Technician, Friend, Detective, and Healer: Family Physicians’ Responses to Emotional Distress
Physicians were our unit of analysis, and the authors reviewed every outpatient visit available from each of the 13 physicians selected from the larger sample. The research team members used an editing organizing style for analysis,21 individually highlighted text they believed to be relevant, and made interpretive notes or observations in the margins.22 The research team then engaged in detailed discussions of the encounter transcripts. Particular attention was given to the total context of the encounter, recognizing other potential competing demands within the visit. The goal of this lengthy process was to reach consensus about what was important and how it should be interpreted. After discussing every encounter of a given physician, a summary case narrative was prepared and consensus reached about key themes for that physician.

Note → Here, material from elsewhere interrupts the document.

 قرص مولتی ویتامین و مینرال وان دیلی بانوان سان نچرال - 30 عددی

After completing this initial review, matrices (eg, variations in patient management by practice location, physician age, and sex) were constructed to visualize other emergent patterns and facilitate comparisons across cases.23 Additional physicians were reviewed to search for confirming and disconfirming evidence (eg, did management vary by physician ethnicity?) until saturation was reached (ie, until no further novel information or themes were identified). This required the review of outpatient visits from 13 physicians. One of the primary research nurses who conducted the participant observation provided input that ensured a full diversity of physicians was considered. She also served as an additional check on interpretation of the primary data. Finally, overall theses common to all physicians were identified and important variations in management noted. Thus, we began by looking at individual physicians’ responses within each encounter, developed a coherent description of each physician’s modus operandi, and then identified overarching themes describing broad approaches to emotional distress and mental health issues.
Results
The 379 patient visits to 13 physicians represented a diverse sample of practice and encounter types (Table 1, Table 2). Although the chief complaints of many patients did not overtly appear to relate to a mental health condition or emotional distress, many patients’ emotional concerns presented within the context of an acute or chronic medical condition. All physicians had many encounters in which both overt and more covert emotional concerns and mental health issues emerged.

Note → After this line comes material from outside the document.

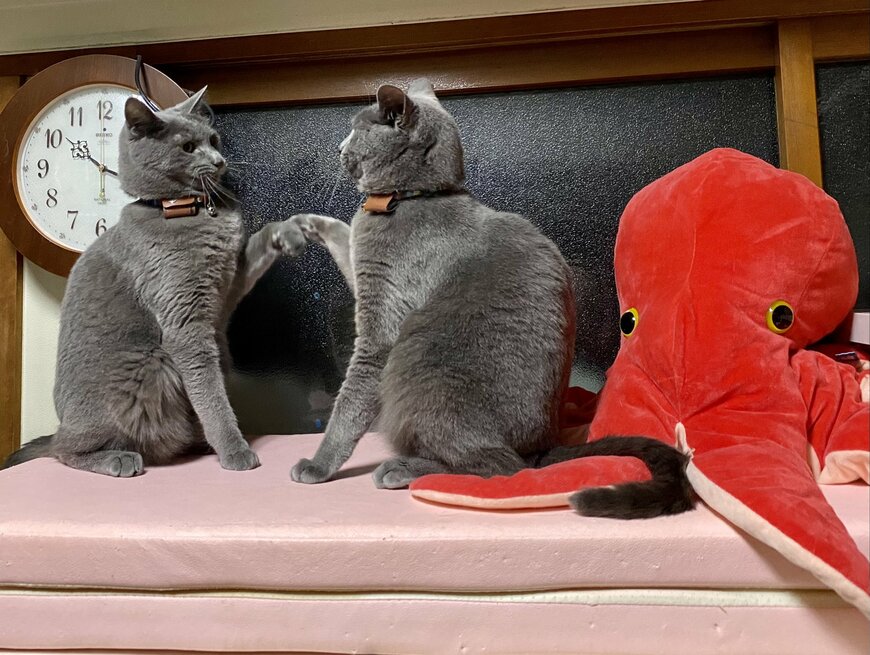 そんな2匹は、向き合って「グータッチ」を決めているかのような格好をしていますね。一瞬「鏡が置いてあるのでは?」と思うようなシンクロ姿にホッコリします。

Physician Responses Within Encounters
The research team noted a wide range of physician reactions to patients presenting with emotional distress or potential mental health problems. During the physician-patient interaction, physicians apparently either recognized the emotional component of the encounter or did not. If emotional distress was recognized, physicians appeared to either actively ignore this problem, gloss over or triage it, or actively manage the distress. These phenomena are illustrated in Figure 1 and will be described in more detail.
Recognition
Not all emotional and mental health issues were apparently recognized. Such missed opportunities were identified with all the participant physicians, even among physicians who were consistently more attentive to addressing mental health problems. For example, during a follow-up visit with a middle-aged man with abdominal tenderness a computed tomography scan had disclosed a renal mass. The patient’s wife asked numerous questions about possible depression and anxiety in her alcohol-using husband. The physician did not pursue any of these concerns.
However, a minority of physicians actively asked about mental health problems. This “active case finding” often capitalized on the physician’s previous knowledge of the patient’s social situation or personal issues. In one encounter focusing on breast cancer follow-up, the physician asked a woman how she was interacting with her spouse after a mastectomy. In instances such as this, active case finding was part of the chatting that opened or ended an encounter, particularly among physician and patients who were familiar with each other. Physicians in this sample neither used screening instruments (eg, the Primary Care Evaluation of Mental Disorders or the Zung mental health scales) nor routinely inquired about suicidal ideation, even in their seemingly most severely depressed patients.
Gloss-Over/Triage
In some instances, the physician apparently understood the impact of a situation but seemed to gloss over the issues. During a health care maintenance visit, a woman reported that she had a miscarriage 3 months earlier. The physician asked, “Is this a good thing or a sad thing?” The patient stated that it was a sad thing, because they were looking forward to the birth. There was no further probing into how the patient and family were dealing with the miscarriage.
In other encounters, physicians clearly seemed to recognize the psychologic implications of an encounter but chose to postpone management. These physicians appeared to triage certain cases based on time, competing demands, or perhaps their own ability to weather another challenging patient. For example, in the case of a patient with arm pain seeking workers’ compensation, the patient noted, “the pain (after doing some minor chores) was simply not worth it.” The physician did not pursue this cue further, but rather concentrated on the scheduling of magnetic resonance imaging, an electromyogram, and a follow-up appointment. However, the physician later related to the nurse researcher her understanding of the impact of this problem and acknowledged the patient’s discomfort. Thus, this physician apparently “triaged” this issue to a later date.